Coxsackievirus and Echovirus. Coxsackievirus and echovirus can usually be isolated from the throat and stool during acute infection and often from CSF in patients with meningitis. Virus is rarely isolated in pericarditis or myocarditis, since the symptoms occur several weeks after the initial infection. The coxsackie B viruses can be grown on primary monkey or human embryo kidney cells. Many coxsackie A virus strains do not grow in tissue culture and must be grown in suckling mice.
Polymerase chain reaction analysis of CSF appears to be more sensitive than culturing and is becoming the diagnostic procedure of choice for documenting enteroviral meningitis.

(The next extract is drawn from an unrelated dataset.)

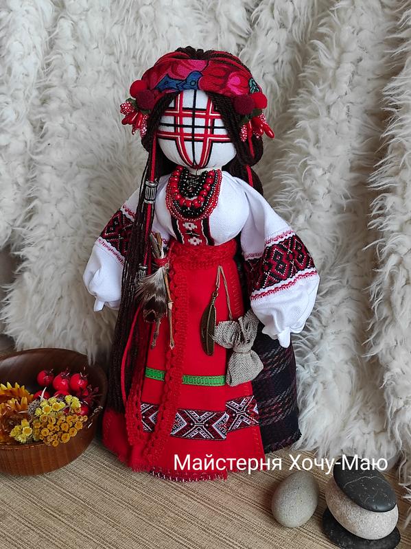 Мольфарами называют волшебников в Карпатах. Они осуществляют посредство между двумя мирами: реальным и потусторонним, а также поддерживают гармонию во Вселенной. Мольфарыцеют больных, умеют читать по звездам, повеселятся бурями, заклинивают змей, могут предугадать будущее и прошлое и бороться с таинствами. Наша мотанка сделана из натуральных тканей, льна, хлопка, шерсти. Имеет высоту 30 см, закреплена на подставке, руки гибкие. Срок изготовления 3-5 дней

Serologic confirmation of poliovirus infection can be made by detection of specific immunoglobulin M (IgM) or a fourfold increase in antibody titer between acute illness and convalescence; however, the many serotypes for echo- and coxsackieviruses make this approach impractical.
Treatment
No specific antiviral therapy is approved for enterovirus infections, but pleconaril, a drug active against picornaviruses in vitro, is being evaluated for the treatment of enteroviral meningitis and viremia. Immune globulin has been used in immunocompromised patients with chronic enteroviral infection of the central nervous system (Box 2) and can diminish viral titers in body fluids.
Prevention & Control
Poliovirus. The prevention of paralytic poliomyelitis is one of the triumphs of modern medicine. In the western world, complete control has been achieved by the use of vaccines, and worldwide eradication of poliomyelitis is expected soon.
Two types of poliovirus vaccine exist: a formalin-inactivated product known as the inactivated, killed, or Salk vaccine, and an attenuated one known as the live, oral, or Sabin vaccine (Box 27-3). Both vaccines can induce a protective antibody response.
Oral vaccine is attenuated (ie, rendered less virulent) by passage in cell cultures. Attenuation yields a virus capable of replicating in the oropharynx and intestinal tract and of being shed in feces for weeks, but not of being invasive. The remote potential for reverting to virulence and causing paralytic disease is the major drawback of the live vaccine and is estimated to occur in 1 per 4 million doses administered (versus 1 in 100 of those infected with “wild” poliovirus).
The risk of vaccine-associated paralytic poliomyelitis is increased in immunocompromised individuals and is more likely to occur in susceptible adults than susceptible children. Since the live vaccine strain may spread to close, especially household, contacts (a virtue in achieving mass immunization), vaccine-associated poliomyelitis may occur in those contacted by the original recipient, rather than the actual vaccine recipient. Because of the above considerations, killed vaccine is now the recommended prophylaxis, and oral live polio vaccine is used only for those refusing injections or for those traveling to areas with endemic poliomyelitis.
Coxsackievirus and Echovirus. No vaccines exist for these viruses (see Box 3). Transmission can presumably be reduced by improvements in hygiene and living conditions.